A Transplant Patient's Experiences with Exercise

by Jim Gleason, recovering Heart Transplant Patient (transplanted 10/19/94)

This is one in a series of short articles sharing this heart transplant patient's experiences in some area of common concern. Included in the series are similar articles covering Nutrition, Weight Change, Biopsy, Rejection, Medication, Exercise, Motivation & Boredom, Transplant Surgery, and Fear & Facing Death. These are not meant to replace any professional medical advice, but rather are one layman's interpretations of actual experiences he had while waiting for, undergoing, and finally, recovering from, a heart transplant at the University of PA Medical Center. While each person will have their own unique experiences, many have found this simple sharing to be of value in reducing their own concerns seeing that such feelings and experiences are part of the normal recovery process seeing that there is light at the end of what may now appear to be a very dark tunnel through the eyes of another who has passed this way ahead of them and, most importantly, the light at the end of that tunnel is not a train engine coming directly at them, it is the light of another sunny day, another gift of a day of life. May you find joy in that daily gift of life as I have through the miracle of this medical science known as transplantation.

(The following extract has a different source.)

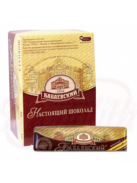 Összetevők: csokoládé 79%, cukorral sűrített tej 8,5% zsírtartalmú, gyümölcspép 2,5% (alma), szirup, morzsolt mogyoró1,3%, konyak, kakaóvaj, alkohol, étkezési sav: citromsav, természetazonos aroma. Származási hely: Oroszország.

"I'm not an exercise person." This protest comes to mind so automatically whenever the subject of exercise arises and I reflect on my growing up philosophy: If I'm going to work at lifting weights, I'll do it where they'll pay me for it, like a stock clerk in the store during my teen years. Well, that has changed now that my recently acquired new heart - a 20 year old heart in this 52 year old body! - requires ongoing exercise to maintain its well being. Funny how we'll work at something like this AFTER the damage is done, rather than exercising to keep the original heart in healthy shape. But that's history. The new heart is fact - and my daily amazement at this miracle never ceases. In this monograph we trace the changing attitude and practice of exercise in this transplant patient's life - before, during and after the transplant surgery. The story easily breaks into five phases and the role of exercise and its associated challenge is different in each phase:

  • Phase 1 - weakened heart, prior to diagnosis for transplant - still at home
  • Phase 2 - pre-surgical wait in the hospital - weakened heart, but on support medications
  • Phase 3 - post-operative transplant recovery in the hospital
  • Phase 4 - ambulatory recovery at home - immune suppressed, lots of medications with potential side-effects
  • Rest of life - back to "normal" mode - but with a new heart

Phase 1 - Homelife Before Diagnosis

My life was an active one, but without formal exercise. Since the onset of a viral attack on the left ventricle (pumping muscle) of the heart (know as Viral Cardiomyopathy), things started to slow down as it took increased effort to maintain the normal active lifestyle associated with a growing family and worldwide business travel. Activities normally taken in stride now were causing shortness of breath and easy exhaustion. Friends later would admit to having noticed these symptoms, but seldom raised the issue. After all, I was 50 years old, and we all know what that means (?!). Finally the enlarged heart wasn't able to keep up with the rest of the active body and the cardiologist, who had been treating the condition with an aggressive drug regimen for 2 years, directed that I "cease employment" and go down and visit with the specialists at a heart transplant center. Lucky for me, the obvious one turned out to be the best, the University of PA Medical Center, in nearby Philadelphia. Within a day we were told that the only hope was to undergo a heart transplant and that the condition was serious enough that I should not leave the hospital even as we talked. Wow! Shock!! "Who, me?" Weighing the alternatives: no transplant, maybe 1 to 3 years of life left and even that would be a very low "quality of life" - we decided to go for it, and thus entered the next phase...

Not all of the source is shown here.